WHAT TO DO: Lines outside the range are not wanted. Give again exactly the lines between the line holding "今日の献立は、麦ご飯、ジャガイモのそぼろ煮、梅肉の和え物、牛乳です。" and the line holding "das perfekte Ambiente.", inclusive, from the listing below.

EXCERPTED RECORDS:
[Start of Attachment]

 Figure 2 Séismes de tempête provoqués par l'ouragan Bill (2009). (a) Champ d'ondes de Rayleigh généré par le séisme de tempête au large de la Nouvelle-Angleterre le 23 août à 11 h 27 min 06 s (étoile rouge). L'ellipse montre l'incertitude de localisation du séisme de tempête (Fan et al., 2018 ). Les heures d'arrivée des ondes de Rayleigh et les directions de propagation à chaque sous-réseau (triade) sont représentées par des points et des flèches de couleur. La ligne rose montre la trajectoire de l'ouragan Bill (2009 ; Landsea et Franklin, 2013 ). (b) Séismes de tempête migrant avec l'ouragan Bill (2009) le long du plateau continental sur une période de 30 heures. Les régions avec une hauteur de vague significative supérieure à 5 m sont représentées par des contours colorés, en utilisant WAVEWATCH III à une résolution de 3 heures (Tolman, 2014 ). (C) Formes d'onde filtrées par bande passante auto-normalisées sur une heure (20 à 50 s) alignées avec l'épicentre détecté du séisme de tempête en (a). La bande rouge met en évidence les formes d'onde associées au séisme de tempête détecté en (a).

[End of Attachment]
[Start of Attachment]

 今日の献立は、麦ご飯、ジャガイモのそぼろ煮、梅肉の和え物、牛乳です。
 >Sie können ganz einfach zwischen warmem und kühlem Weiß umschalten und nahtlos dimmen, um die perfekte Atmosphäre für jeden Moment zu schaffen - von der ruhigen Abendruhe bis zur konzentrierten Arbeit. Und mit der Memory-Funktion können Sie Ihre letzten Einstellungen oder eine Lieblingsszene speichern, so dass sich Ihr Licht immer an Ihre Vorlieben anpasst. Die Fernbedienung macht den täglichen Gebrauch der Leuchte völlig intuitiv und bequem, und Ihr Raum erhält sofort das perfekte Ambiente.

[End of Attachment]
[Start of Attachment]

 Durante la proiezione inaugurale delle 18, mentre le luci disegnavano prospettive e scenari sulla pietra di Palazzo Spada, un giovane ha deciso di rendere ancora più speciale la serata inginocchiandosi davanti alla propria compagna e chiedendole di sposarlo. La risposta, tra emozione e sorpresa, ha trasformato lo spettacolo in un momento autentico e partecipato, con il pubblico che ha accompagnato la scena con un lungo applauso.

[End of Attachment]

TASK RESULT:
 今日の献立は、麦ご飯、ジャガイモのそぼろ煮、梅肉の和え物、牛乳です。
 >Sie können ganz einfach zwischen warmem und kühlem Weiß umschalten und nahtlos dimmen, um die perfekte Atmosphäre für jeden Moment zu schaffen - von der ruhigen Abendruhe bis zur konzentrierten Arbeit. Und mit der Memory-Funktion können Sie Ihre letzten Einstellungen oder eine Lieblingsszene speichern, so dass sich Ihr Licht immer an Ihre Vorlieben anpasst. Die Fernbedienung macht den täglichen Gebrauch der Leuchte völlig intuitiv und bequem, und Ihr Raum erhält sofort das perfekte Ambiente.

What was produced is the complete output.